*RECORDS FOR THIS EXERCISE*
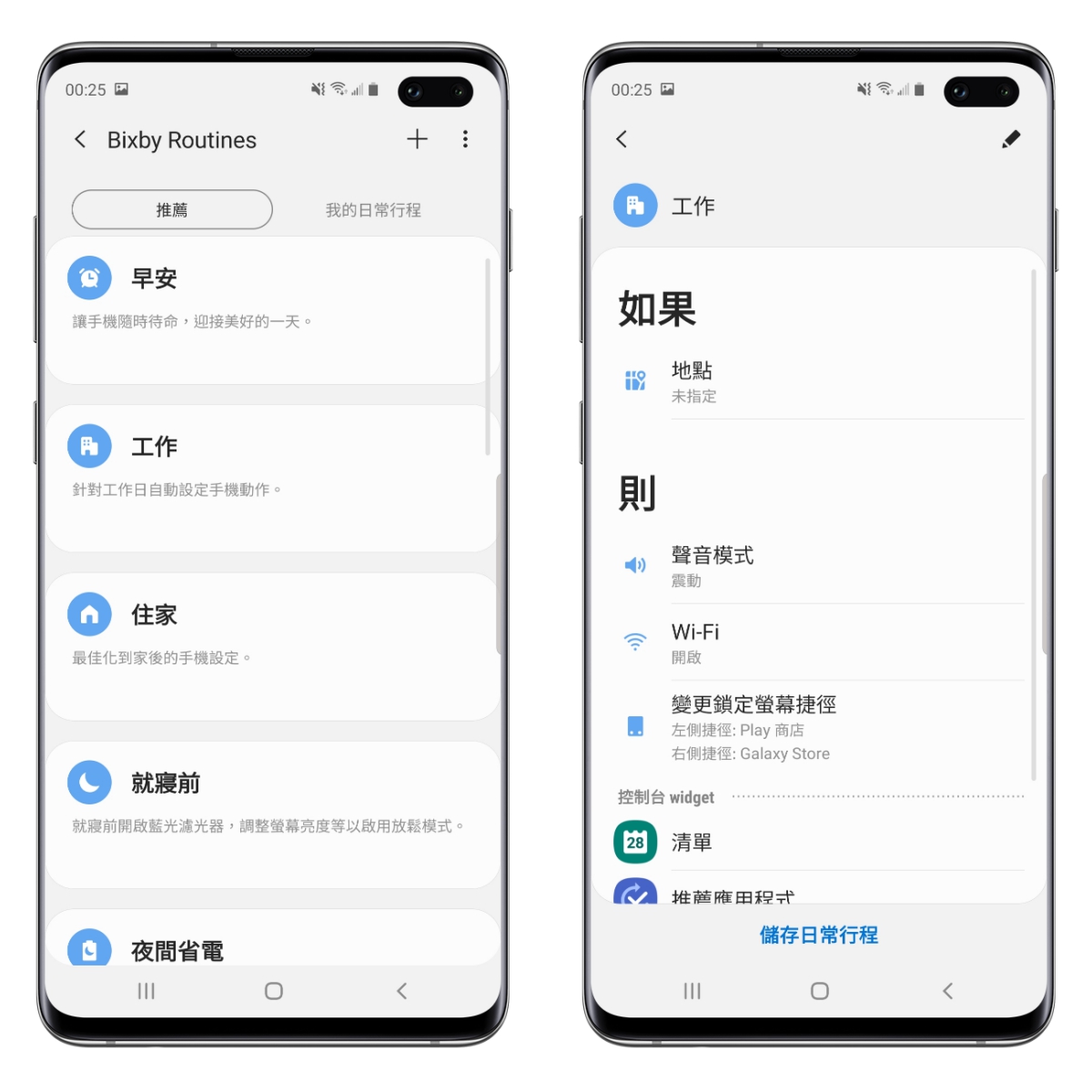 在 Bixby Routines 設定中,可以設定多組自己生活中常用的模式,快速的將手機切換成你需要的狀態,也能針對地點自動啟用。
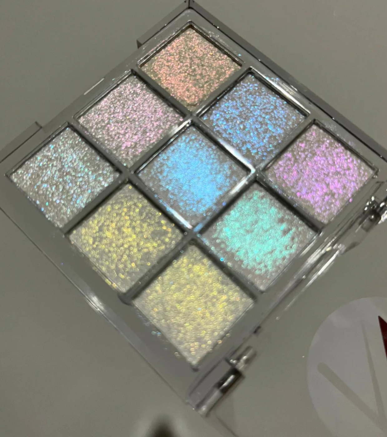 Discover the Naba Cosmetics Naba Cosmetics eye pigment palette with these 9 highly pigmented creamy pigments, with a chameleon, iridescent and holographic finish.
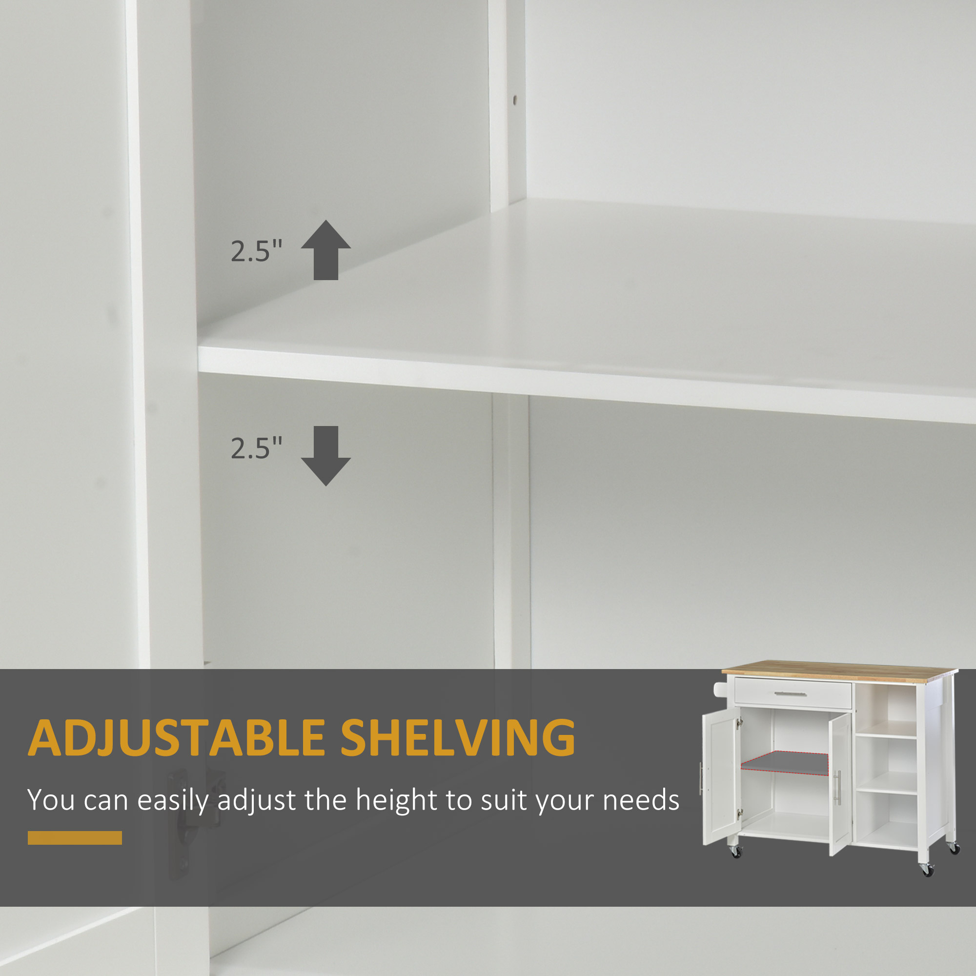 - Flexible Shelf: The shelf inside the kitchen storage cabinet is 3-level adjustable and detachable to fit different heights of your items.
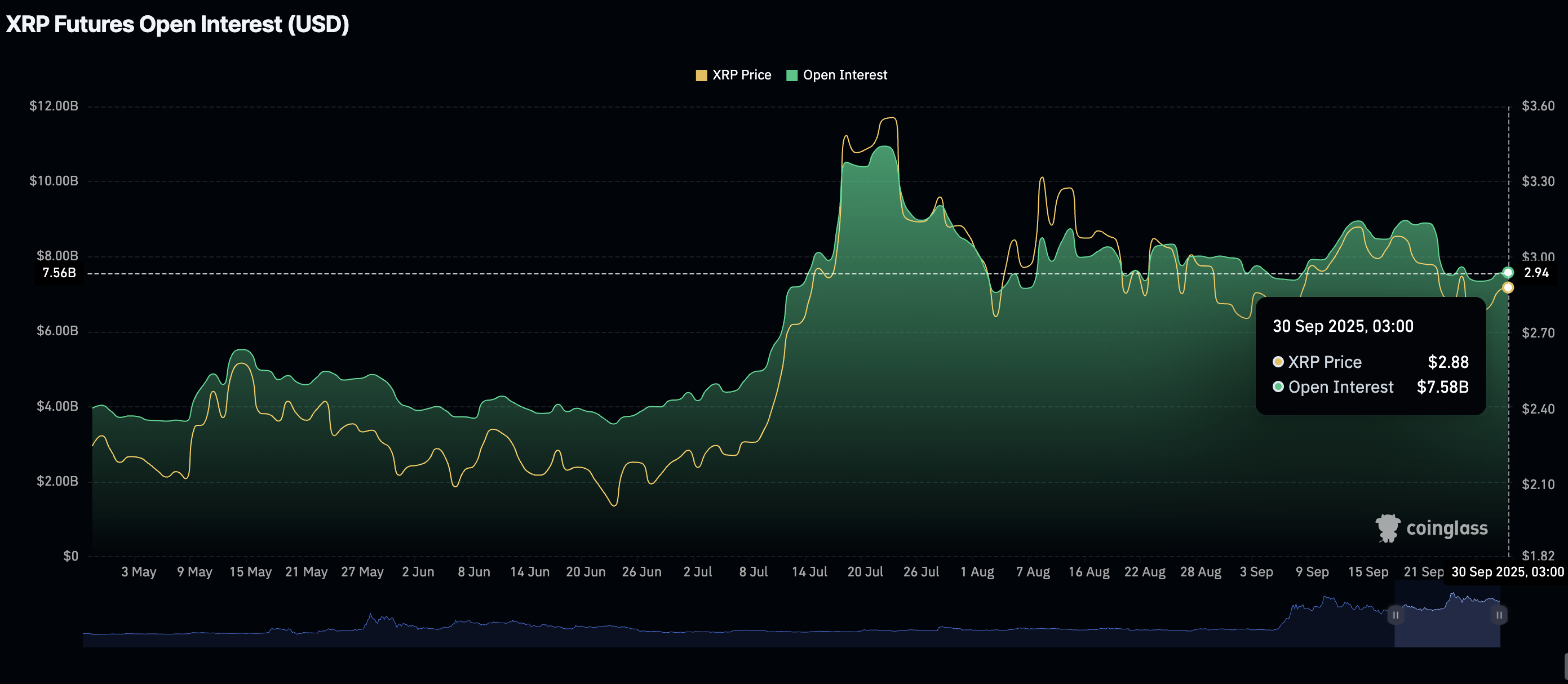XRP 未平仓合约 | 来源:CoinGlass
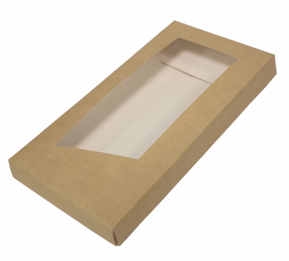 En ljusbrun eco chokladförpackning gjord av högkvalitativ kartong med ett fönster som perfekt exponerar tillbehör/struktur
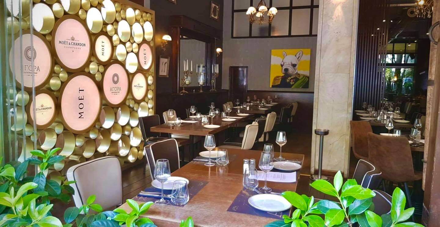 Κομψό εστιατόριο με μοντέρνα διαρρύθμιση και μεγάλα παράθυρα που σερβίρει ελληνικά και διάφορα ευρωπαϊκά πιάτα.
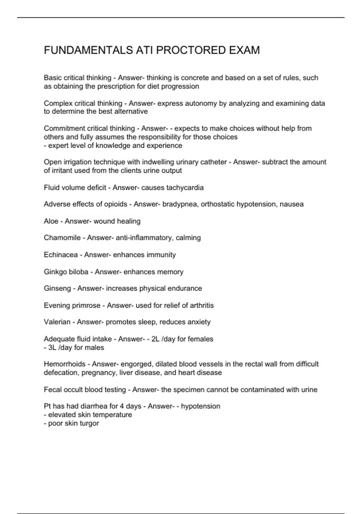 Basic critical thinking - Answer- thinking is concrete and based on a set of rules, such as obtaining the prescription for diet progression Complex critical thinking - Answer- express autonomy by analyzing and examining data to determine the best alternative Commitment critical thinking - Answer- - expects to make choices without help from others and fully assumes the responsibility for those choices - expert level of knowledge and experience Open irrigation technique with indwelling urinary catheter - Answer- subtract the amount of irritant used from the clients urine output Fluid volume deficit - Answer- causes tachycardia Adverse effects of opioids - Answer- bradypnea, orthostatic hypotension, nausea Aloe - Answer- wound healing Chamomile - Answer- anti-inflammatory, calming Echinacea - Answer- enhances immunity Ginkgo biloba - Answer- enhances memory Ginseng - Answer- increases physical endurance Evening primrose - Answer- used for relief of arthritis Valerian - Answer- promotes sleep, reduces anxiety Adequate fluid intake - Answer- - 2L /day for females - 3L /day for males Hemorrhoids - Answer- engorged, dilated blood vessels in the rectal wall from difficult defecation, pregnancy, liver disease, and heart disease Fecal occult blood testing - Answer- the specimen cannot be contaminated with urine Pt has had diarrhea for 4 days - Answer- - hypotension - elevated skin temperature - poor skin turgor
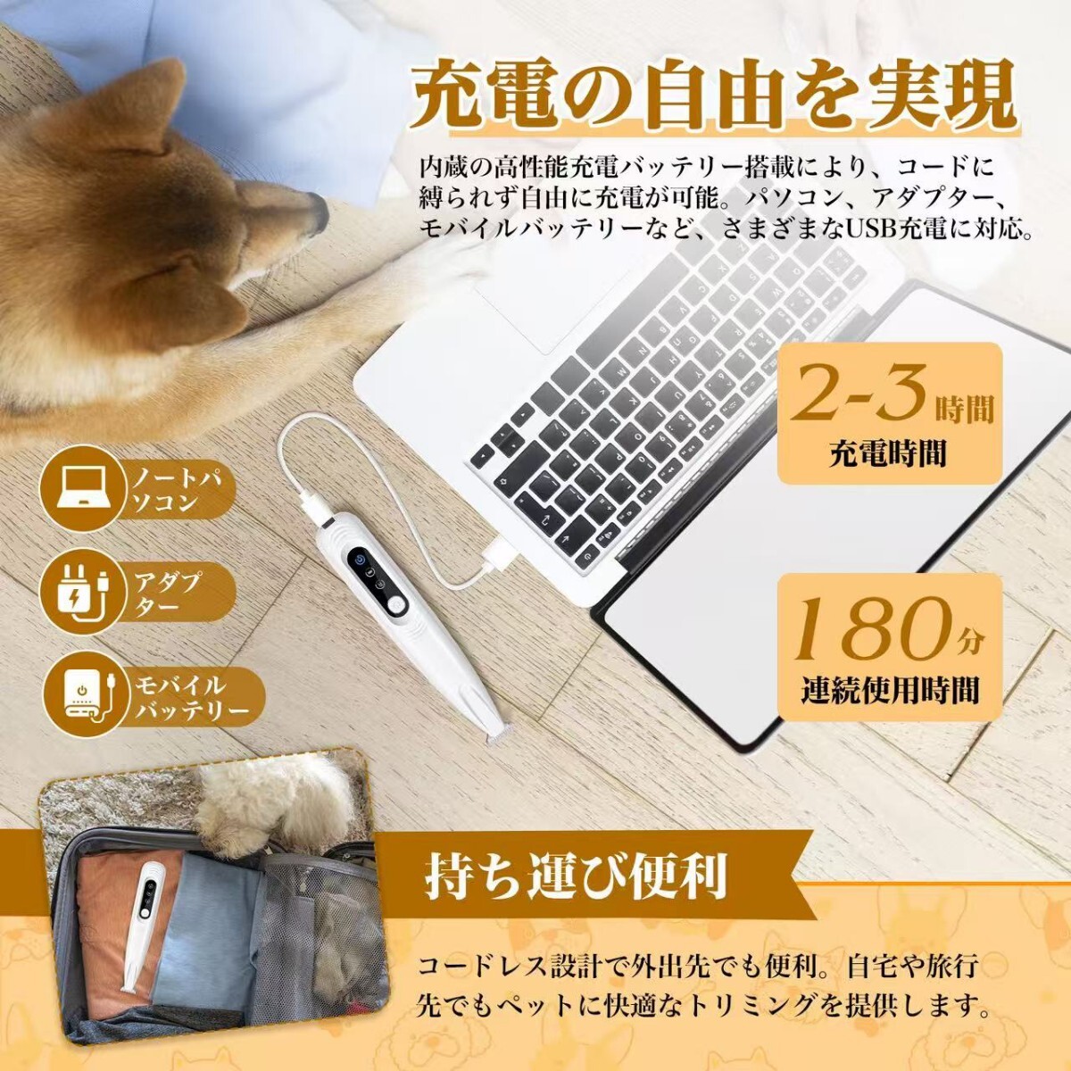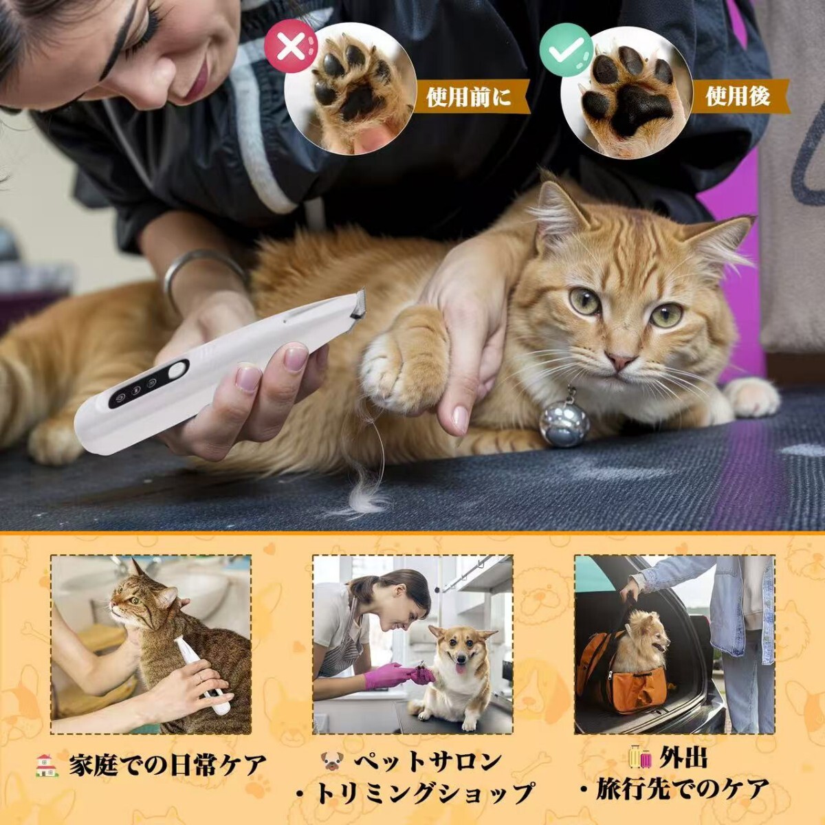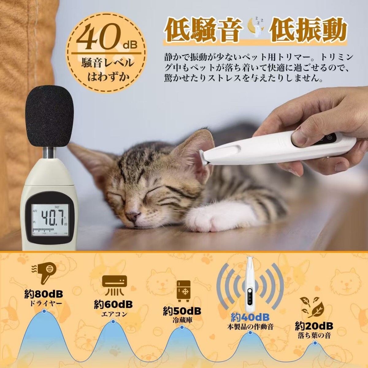 3.【低騒音・低振動設計でペットもリラックス】静音設計と低振動技術を採用しており、ペットがトリミング中に恐怖や不安を感じることなくリラックスして過ごせます。音に敏感なペットに最適で、ストレスを最小限に抑えます。
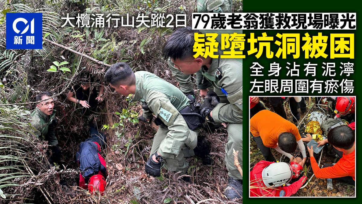 3 B! V2 W7 U9 t4 }+ mtvb now,tvbnow,bttvb79歲姓何老翁4月4日在大欖涌行山期間與妻子失散,救援人員連日搜救,終在4月6日尋回何翁。人員用山兜將其抬出,為他戴上頭盔、蓋上金屬保暖毯以防失溫,他臉上、雙手和衣服均沾滿泥土。(警方圖片)
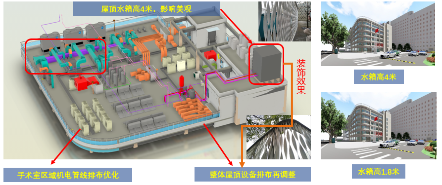 项目自筹建以来,应用BIM技术助力各阶段高效、有效进行。在设计阶段,结合BIM技术与医院建筑特色,利用云平台三维模型展示与医疗科室对接,提前协调医疗设备、家具及点位布置,正向设计辅助三级医疗工艺开展,科技手段助力智慧平面及流程设计。

*PROMPT*
Once more, please print the whole listing exactly, omitting each image.

*TASK OUTPUT*
 在 Bixby Routines 設定中,可以設定多組自己生活中常用的模式,快速的將手機切換成你需要的狀態,也能針對地點自動啟用。
 Discover the Naba Cosmetics Naba Cosmetics eye pigment palette with these 9 highly pigmented creamy pigments, with a chameleon, iridescent and holographic finish.
 - Flexible Shelf: The shelf inside the kitchen storage cabinet is 3-level adjustable and detachable to fit different heights of your items.
XRP 未平仓合约 | 来源:CoinGlass
 En ljusbrun eco chokladförpackning gjord av högkvalitativ kartong med ett fönster som perfekt exponerar tillbehör/struktur
 Κομψό εστιατόριο με μοντέρνα διαρρύθμιση και μεγάλα παράθυρα που σερβίρει ελληνικά και διάφορα ευρωπαϊκά πιάτα.
 Basic critical thinking - Answer- thinking is concrete and based on a set of rules, such as obtaining the prescription for diet progression Complex critical thinking - Answer- express autonomy by analyzing and examining data to determine the best alternative Commitment critical thinking - Answer- - expects to make choices without help from others and fully assumes the responsibility for those choices - expert level of knowledge and experience Open irrigation technique with indwelling urinary catheter - Answer- subtract the amount of irritant used from the clients urine output Fluid volume deficit - Answer- causes tachycardia Adverse effects of opioids - Answer- bradypnea, orthostatic hypotension, nausea Aloe - Answer- wound healing Chamomile - Answer- anti-inflammatory, calming Echinacea - Answer- enhances immunity Ginkgo biloba - Answer- enhances memory Ginseng - Answer- increases physical endurance Evening primrose - Answer- used for relief of arthritis Valerian - Answer- promotes sleep, reduces anxiety Adequate fluid intake - Answer- - 2L /day for females - 3L /day for males Hemorrhoids - Answer- engorged, dilated blood vessels in the rectal wall from difficult defecation, pregnancy, liver disease, and heart disease Fecal occult blood testing - Answer- the specimen cannot be contaminated with urine Pt has had diarrhea for 4 days - Answer- - hypotension - elevated skin temperature - poor skin turgor
 3.【低騒音・低振動設計でペットもリラックス】静音設計と低振動技術を採用しており、ペットがトリミング中に恐怖や不安を感じることなくリラックスして過ごせます。音に敏感なペットに最適で、ストレスを最小限に抑えます。
 3 B! V2 W7 U9 t4 }+ mtvb now,tvbnow,bttvb79歲姓何老翁4月4日在大欖涌行山期間與妻子失散,救援人員連日搜救,終在4月6日尋回何翁。人員用山兜將其抬出,為他戴上頭盔、蓋上金屬保暖毯以防失溫,他臉上、雙手和衣服均沾滿泥土。(警方圖片)
 项目自筹建以来,应用BIM技术助力各阶段高效、有效进行。在设计阶段,结合BIM技术与医院建筑特色,利用云平台三维模型展示与医疗科室对接,提前协调医疗设备、家具及点位布置,正向设计辅助三级医疗工艺开展,科技手段助力智慧平面及流程设计。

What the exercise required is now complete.